# WHAT IS BEING ASKED:
Once the line holding "Teardrop Shaped Sterling" appears, repeat it and each line after it to the end of the data, exactly and with nothing else; pictures stay out.

# SUPPLIED INFORMATION:
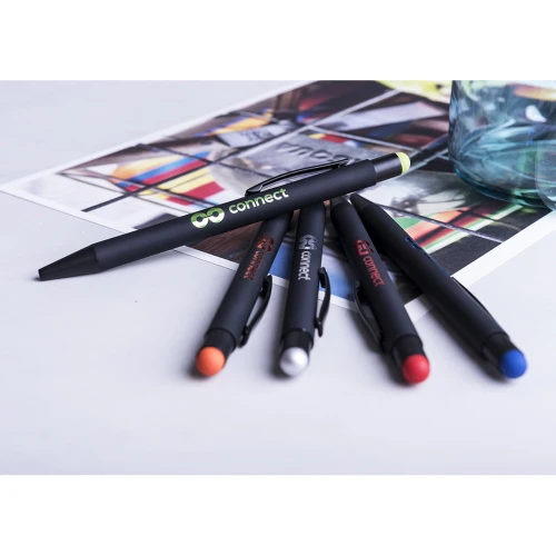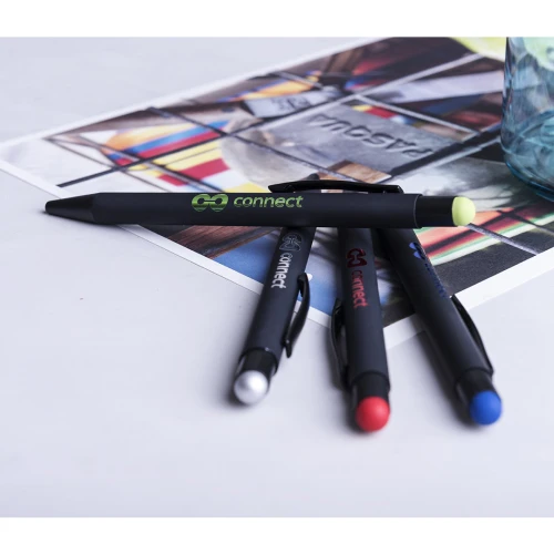 Bolígrafo puntero de mecanismo giratorio con cuerpo de acabado sólido en color negro y pulsador en variada gama de colores. Clip metálico en color negro. Especialmente diseñado para marcaje en láser y con un recubrimiento exterior especial para que tu publicidad quede perfectamente grabada, a juego con el color del puntero. Cartucho jumbo y tinta azul.
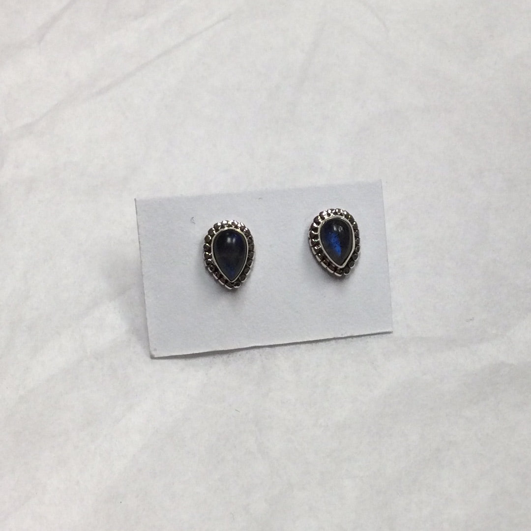 Teardrop Shaped Sterling Silver Crystal Stud Earrings
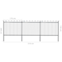 fekete hajlított tetejű acélkerítés 5,1 x 1,5 m
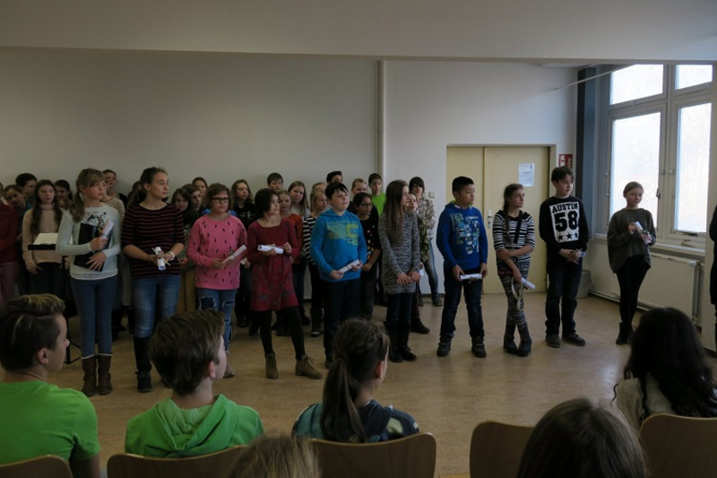 Traditioneller Weise präsentierte unser Chor am Mittwoch, dem 21. Dezember, ein kleines stimmungsvolles Weihnachtskonzert, um alle Schüler und Lehrer der Schule auf das bevorstehende Fest einzustimmen.

# SOLUTION BELOW:
 Teardrop Shaped Sterling Silver Crystal Stud Earrings
 fekete hajlított tetejű acélkerítés 5,1 x 1,5 m
 Traditioneller Weise präsentierte unser Chor am Mittwoch, dem 21. Dezember, ein kleines stimmungsvolles Weihnachtskonzert, um alle Schüler und Lehrer der Schule auf das bevorstehende Fest einzustimmen.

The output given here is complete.